Title insurance is basically a contract in which the insurance company (Insurer) agrees to indemnify, or compensate, the insured(s) (aka buyer, lender, or both) for financial losses sustained because of:

  • Mistakes or forgeries in wills, mortgages, or title documents relating to the property
  • Allegations that a past owner or co-owner did not consent to the conveyance, perhaps due to an undisclosed divorce, commission of fraud, or an error during the probate of an estate
  • Defects made in the required transfer or conveyance documents, or
  • Liens or encumbrances on the real property, (i.e., based on past debts for taxes, contractor’s work, or child support obligations)

NOTE that this type of insurance relates to past NOT future events.

The lender’s policy protects against situations where the mortgage is unenforceable against the borrower (buyer) because you do not, in fact, have legal title to the home (perhaps due to one of the reasons listed above).  In such a case, the title insurer might have to pay the bank for its loss on the mortgage.

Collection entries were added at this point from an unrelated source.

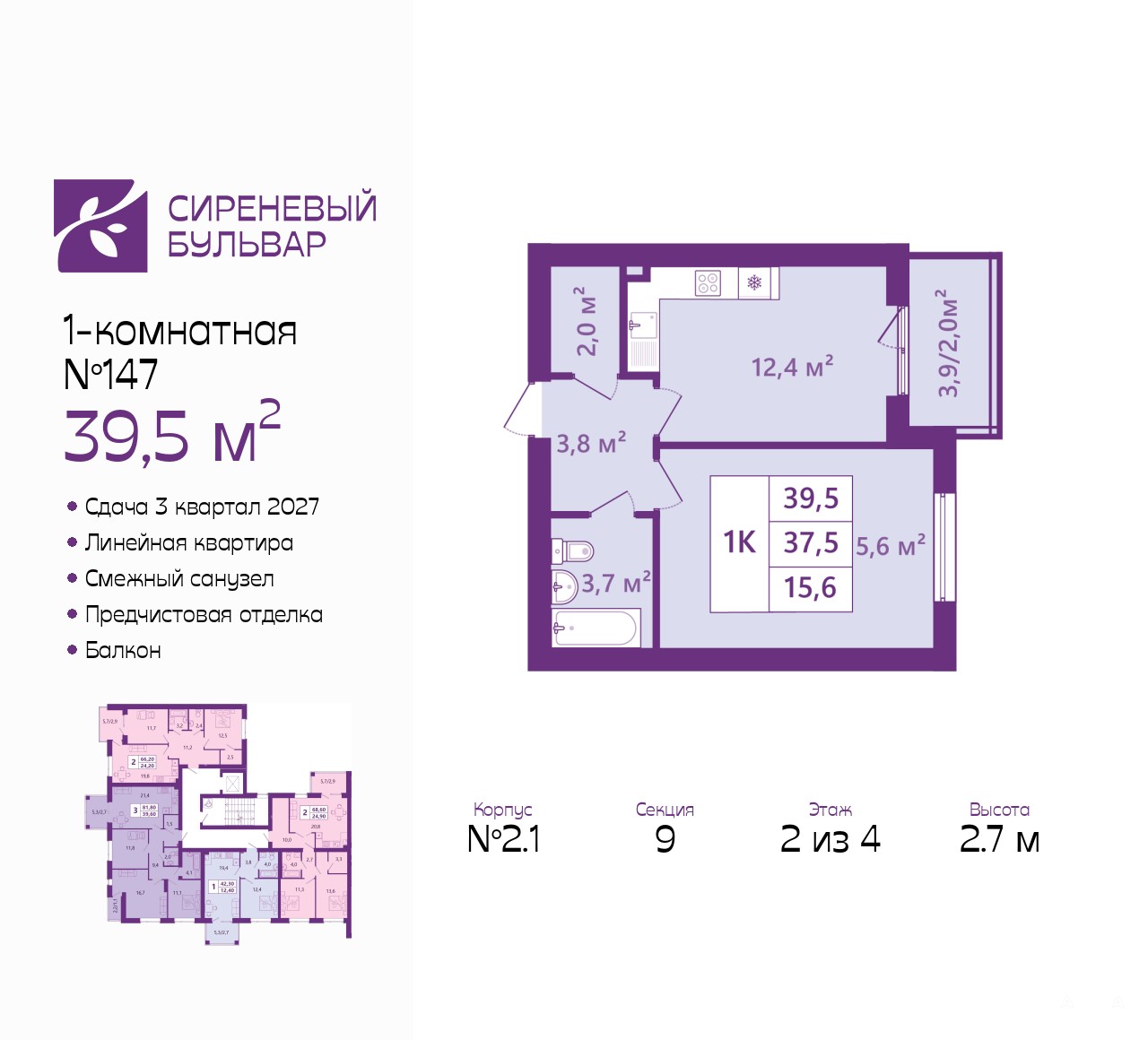 Продается однокомнатная квартира от застройщика с предчистовой отделкой в ЖК "Сиреневый бульвар" на 2 этаже. Общая площадь: 39.5 кв.м., жилая: 15.6 кв.м., площадь просторной кухни-столовой: 12.4 кв.м. Все окна выходят на одну сторону. В квартире один балкон, один совмещенный санузел. Высота потолков 2.7 м.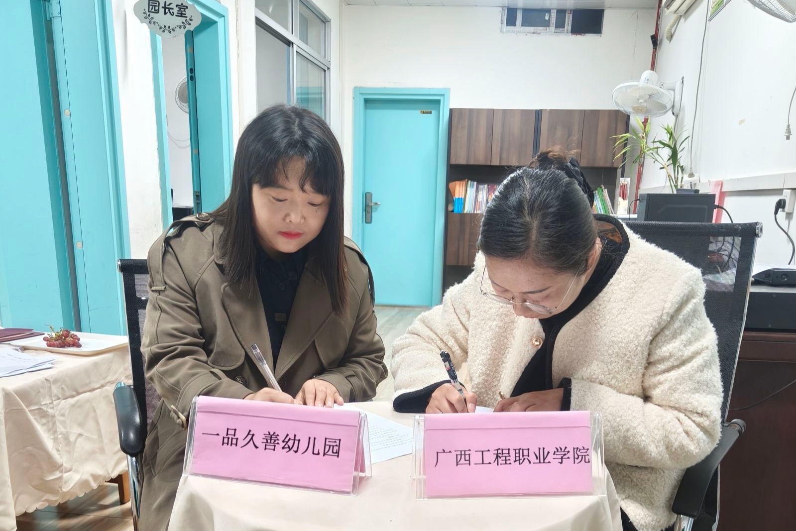 2025年12月5日,广西工程职业学院教育学院与平果市一品久善幼儿园合作签约仪式在幼儿园内顺利举行。双方正式确立合作关系,共同致力于学前教育人才的培养与实践教学的深化。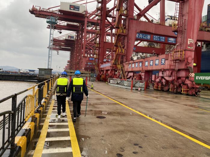 受冷空氣侵襲,寧波氣溫全面下降,又恰逢接連兩天的冬雨,濕冷的環(huán)境給高壓岸電巡檢工作帶來(lái)了嚴(yán)峻的考驗(yàn)。為保證巡檢工作按時(shí)完成,國(guó)網(wǎng)寧波供電公司高壓岸電運(yùn)維小隊(duì)人員不畏嚴(yán)寒,順利完成了高壓岸電箱變內(nèi)各電源設(shè)備運(yùn)行情況、箱變到前沿接電箱間連接電纜破損情況以及前沿接電箱插口腐蝕情況進(jìn)行常規(guī)性檢查。

Perhaps a neighbor claims, and proves, he purchased several feet of what you believe to be your property from a previous seller several years before the sale and recorded a deed, the title insurer would have to pay you for your loss if it failed to discover this prior to your closing.

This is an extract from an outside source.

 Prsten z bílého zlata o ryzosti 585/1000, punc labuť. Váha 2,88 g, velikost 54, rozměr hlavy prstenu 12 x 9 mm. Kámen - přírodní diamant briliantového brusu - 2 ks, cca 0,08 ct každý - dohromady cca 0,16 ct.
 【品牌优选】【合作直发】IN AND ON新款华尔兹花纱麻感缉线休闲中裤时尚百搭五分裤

Step One: The Preliminary Title Report is Issued

Once your contract is received and opened, we begin to investigate the public records in the recorder’s office of the county in which the property is located.  We are looking for documents that affect title to the land, such as deeds and liens.

A preliminary report is issued which details the liens, easements, or other encumbrances on the land.  These “issues” are included as either Requirements or Exceptions to the coverage as of the date of the exam.  A Requirement is an item that must be noted or cleared prior to the closing date of your sale.  An Exception is and item not insured against loss.  This preliminary report does not provide coverage.  It simply offers coverage, listing the various ownership interests in the land and what items will be excepted from coverage were you to close as of the date of the exam, were you to accept it.

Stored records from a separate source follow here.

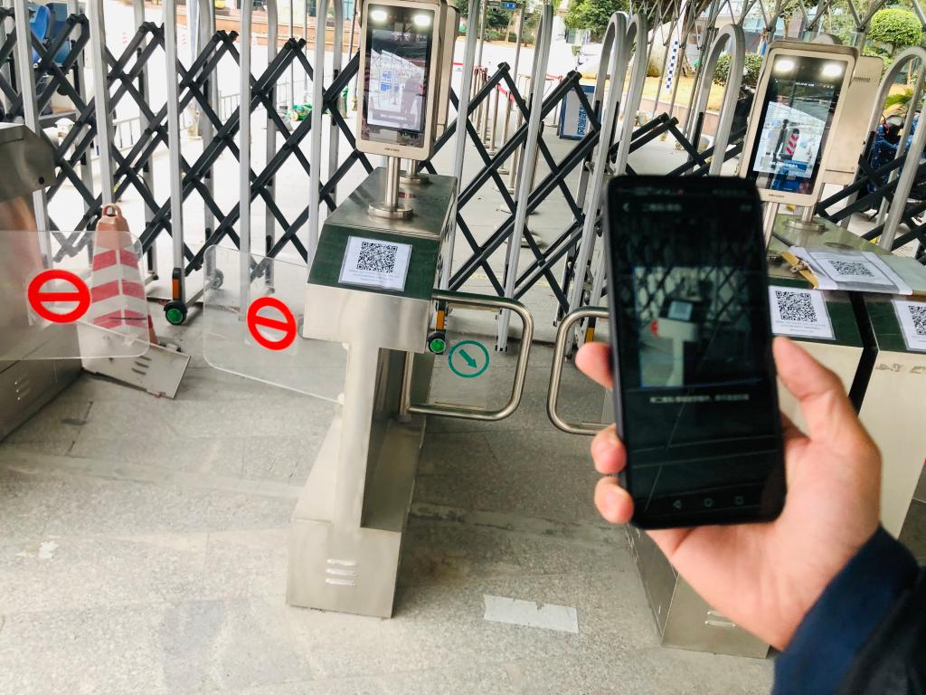 扫码结果生成绿色可通行,生成红色不可通行。(如图所示)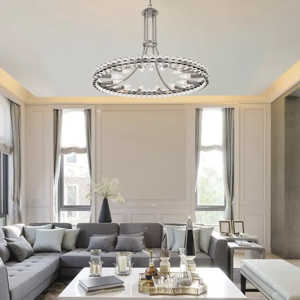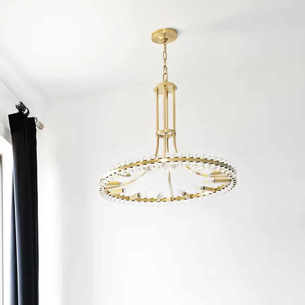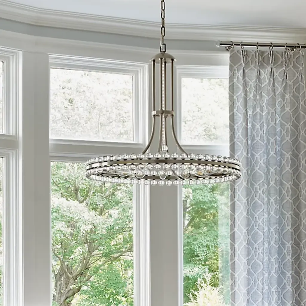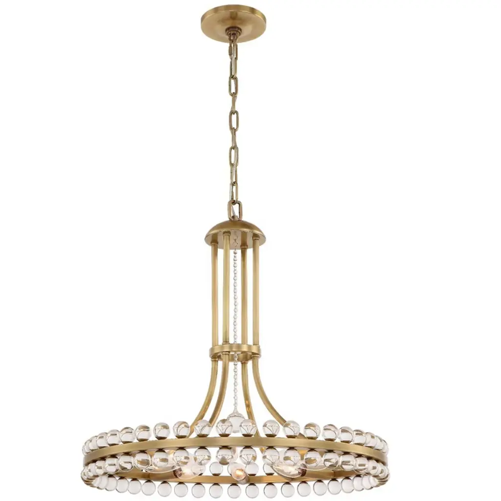Elegant simplicity reaches peak perfection. The Clover Chandelier by Crystorama exudes class from every detail, showcasing gorgeous steel and glass sphere elements that allow the candelabra bulbs (not included) to illuminate a dining space or living room in a sophisticated manner. Multiple traditional-style finishes are also available, allowing design enthusiasts to establish a motif that corresponds to their discerning tastes.
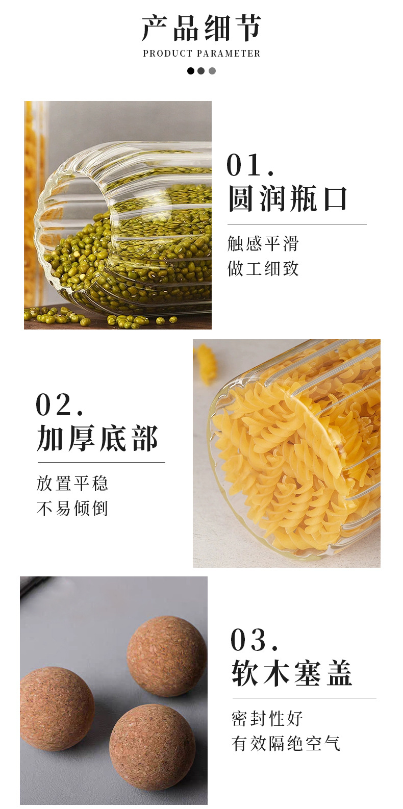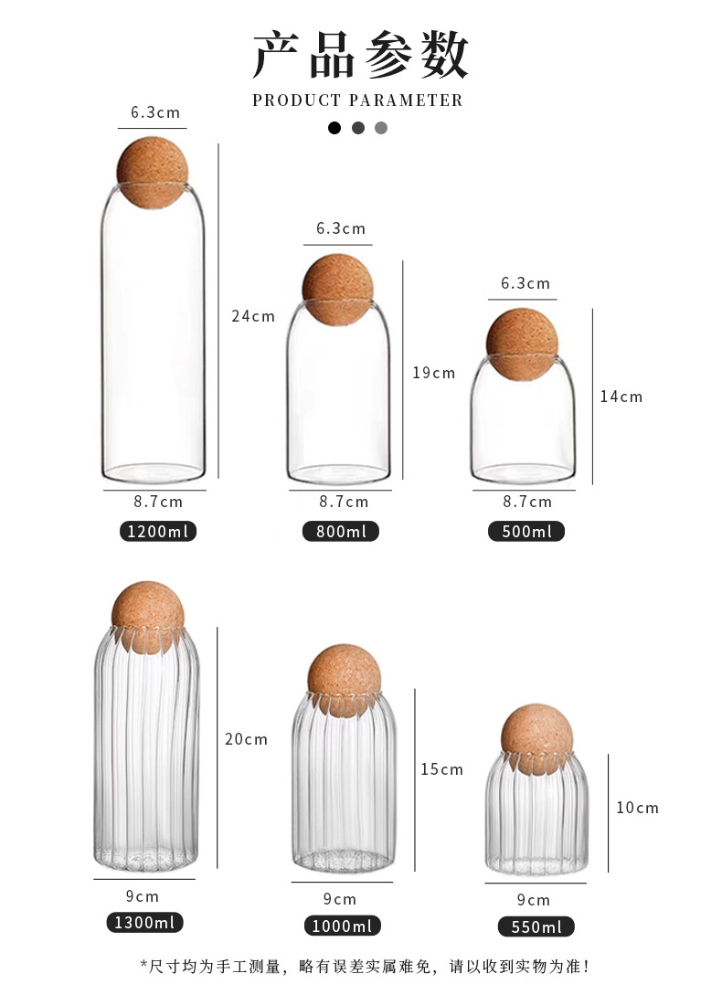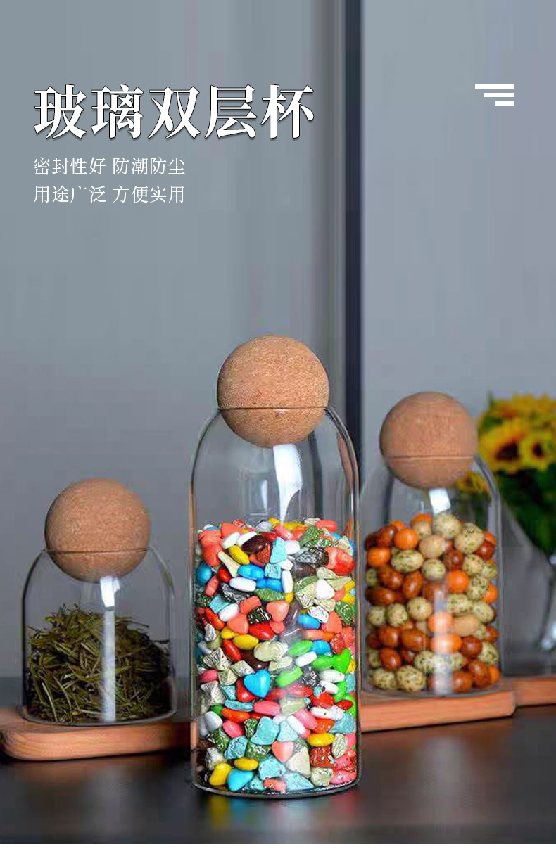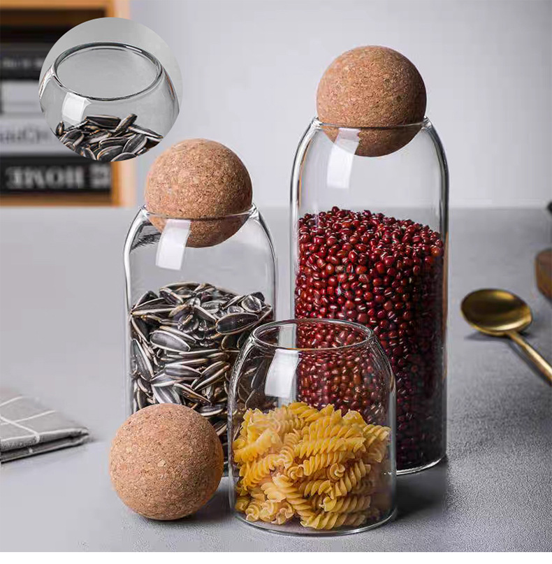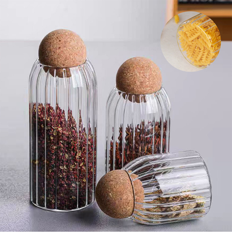 厂家批发竖纹圆球软木塞高硼硅玻璃密封罐咖啡罐子带盖储物罐茶叶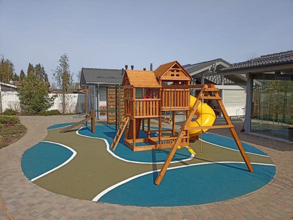 Клиент, человек из дизайнерского бюро, выполняющий заказ для частного лица, пришёл с готовым запросом. Он выбрал товары на нашем сайте и закупил их. Высокий детский и спортивный комплексы, а также удобная лавочка гармонично вписались в проект. Наши специалисты были приглашены для сборки и установки. Заказчик остался полностью доволен, поскольку удалось достичь полного взаимопонимания между сторонами и их интересами. Дизайнер-клиент, работавший с нашим менеджером получил свои 5 % после сдачи объекта.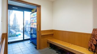 玄関には自動販売機があり、ちょっとした飲み物を手軽に購入できます。ベンチも設置されています。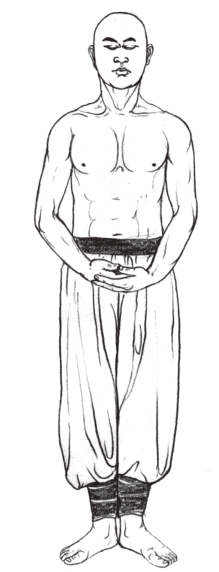 2.两脚尖外摆成八字步站立;两臂屈肘,两掌抱于小腹前,左掌心贴抱右掌背,掌心向上;双目微闭,舌舐上腭,意守丹田,静心调息。(图1-2)

Step Two: The Title Company Issues a Commitment

A Commitment is a time-delimited agreement by a title insurer to issue a title insurance policy to you to cover your property to sell you a policy for a specified premium.

Almost always, the commitment will contain conditions that have to be met in order for the insurance to go into, and remain, in effect and exceptions to coverage (a list of items that will not be covered by the policy).

Examples of typical conditions are:

  • Payment of the Seller’s mortgage(s)
  • Payment of all liens against the property and all taxes owed at the time of the sale, and
  • Issuance of a valid deed transferring ownership of the property to the buyer/insured

Some exceptions that are commonly listed include:

  • Restrictions, conditions, and covenants (CC&Rs) that were revealed in the public records. CC&Rs are common in new subdivisions and typically restrict uses of the land, such as what color a house can be painted and how many cars can be parked in the driveway, and
  • Any claims, liens, and encumbrances against the property that were not part of the public records at the time of the title search.

Assuming you accept the terms of the Commitment, you will pay the premium and title insurance will go into effect on the date of the close of escrow and transfer of ownership.

Get an Owner’s Title Insurance Policy

In almost all cases where a buyer takes a mortgage, the lender requires that the buyer pay for the lender’s title insurance policy that protects the bank against title defects.  This policy does NOT cover the buyer in any way.  Only the owner’s title policy will protect the buyer.

“Fraud and undisclosed claims to ownership of a home, or to be owed money with the home as collateral, are not as uncommon as one might think.”